[MATERIAL PROVIDED]
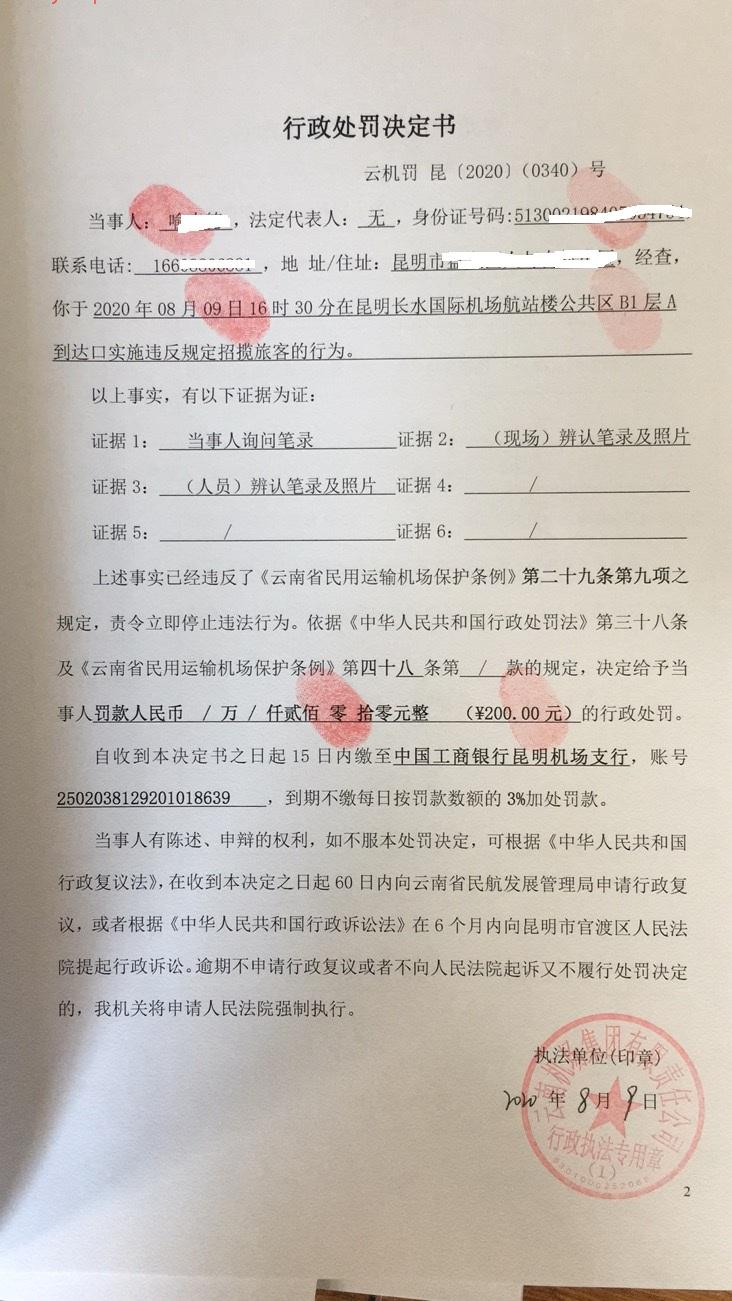 行政处罚决定书 云机罚 昆{2020} (0340)号
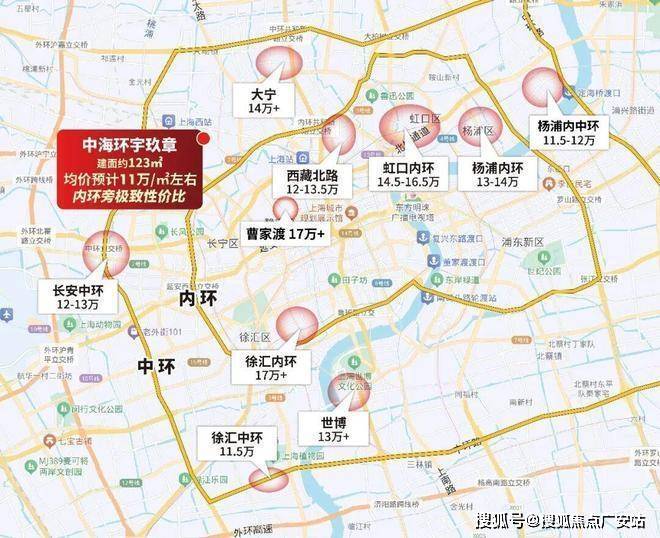 内环内新房普遍12万+/㎡,静安曹家渡约17万+/㎡、虹口14.5-16.5万/㎡;内中环如大宁14万+/㎡、长宁中环旁12-13万/㎡、浦东世博13万+/㎡。
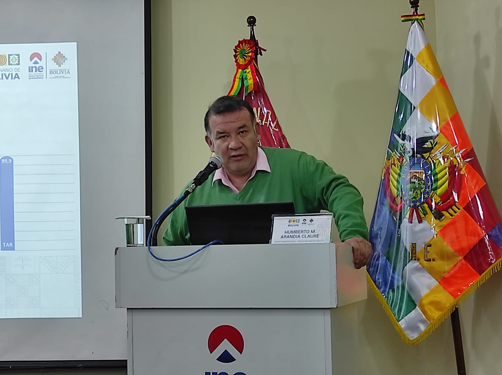 El director general del Instituto Nacional de Estadística (INE), Humberto Arandia en conferencia de prensa se refirió a los avances del Censo de Población y Vivienda a junio 2023. Fotos: Gonzalo Jallasi
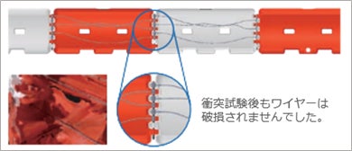 本体に内蔵されているワイヤー3本と金属製の接続パイプで本体同士を強固に連結し、一体化させることで、車両衝突時に本体が破壊されてもワイヤーにより反対側への侵入を防ぎます。
[/MATERIAL PROVIDED]
- WHAT IS NEEDED
Using the data above, transcribe exactly the lines between those containing "内环内新房普遍12万+/㎡,静安曹家渡约" and "El director general", inclusive, and leave every picture behind.

- EXERCISE RESPONSE
 内环内新房普遍12万+/㎡,静安曹家渡约17万+/㎡、虹口14.5-16.5万/㎡;内中环如大宁14万+/㎡、长宁中环旁12-13万/㎡、浦东世博13万+/㎡。
 El director general del Instituto Nacional de Estadística (INE), Humberto Arandia en conferencia de prensa se refirió a los avances del Censo de Población y Vivienda a junio 2023. Fotos: Gonzalo Jallasi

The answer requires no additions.